The last week has seen the Greek politics dip dramatically and recover somewhat, improving the chances of Greece crossing the first hurdle. Significant risks remain, however. We have also seen a virtual capitulation by Germany on PSI, with Angela Merkel now seeing a "Vienna Initiative" as a good foundation and a pledge to work out the details with the ECB. There remain challenges and details to work through, but by the end of the week a better sense of the hurdles being crossed was emerging.

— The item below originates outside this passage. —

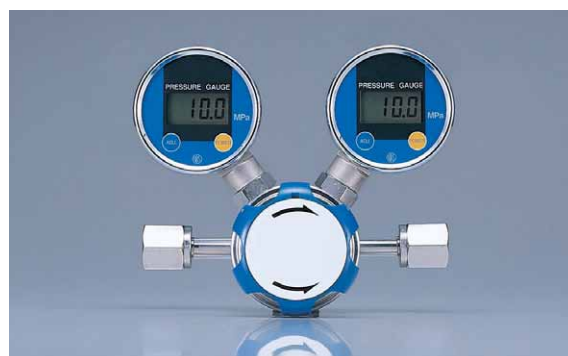
4ポートの圧力調整弁への取付例

4ポートの減圧弁に取り付ける場合、デジタル表示が水平になるように、表示角度左右30°傾けることができます。(写真参照)

The protagonists are grinding towards what we have been expecting: a new loan programme with a voluntary rollover agreement. Is this a lasting strategy? The voluntary roll-over does not reduce the burden of Greece's debt, but it buys time, both for Greece to show what it may be capable of but more importantly for the other peripherals to differentiate themselves with their own adjustments. Whether the strategy is durable depend on Greece's capacity to keep delivering austerity. There is a rising risk that it cannot. Another round of austerity is due by year-end in the 2012 Budget.
Eoin Treacy's view The Greek crisis continues to make headlines and investors remain anxious as
to the outcome and its potential ramifications for asset markets globally. In
an interview on Friday afternoon, I was asked if I believed Greece was similar
to Lehman Brothers and whether Germany was the equivalent to JP Morgan in this
crisis. Germany's dominant position as the economic powerhouse of Europe makes
it central to any funding mechanism aimed at supporting Greece. However this
crisis differs from the Lehman Brothers default in an important respect: everyone
is expecting a disaster.
In 2008,
one of the reasons so many asset markets crashed was because of the shock value
of the default. This time around, everyone has gotten used to the idea of a
potential default. Greece's problems with revenue raising, record keeping, political
and bureaucratic corruption, overly generous public services etc. are well understood.
The main uncertainty remains whether the Greeks accept the need for reform and
are willing do what is necessary to correct past abuses.
If we
expect a disaster it would be schizophrenic if we did not adjust our positions
to reflect such an event. Those who had concentrated exposure to Greek debt
have had ample opportunity to hedge. The surge in CDS
spreads reflects both demand for insurance against default and speculation on
how likely a default is. The European Commission has been playing for time in
an effort to allow European banks the chance to get their balance sheets in
order. The ECB remains likely to offer unlimited cash at the discount window
in the event of a default just as it did in 2008 and subsequently.
This
crisis will not be solved in the short term. Potential remains for the rise
of a populist party that makes refusal to accept harsh fiscal austerity a central
theme of its election platform. Some form of Greek restructuring is most likely
inevitable at this stage but an outright default and ejection from the Euro
remains an extreme view with no apparent support within the Eurozone.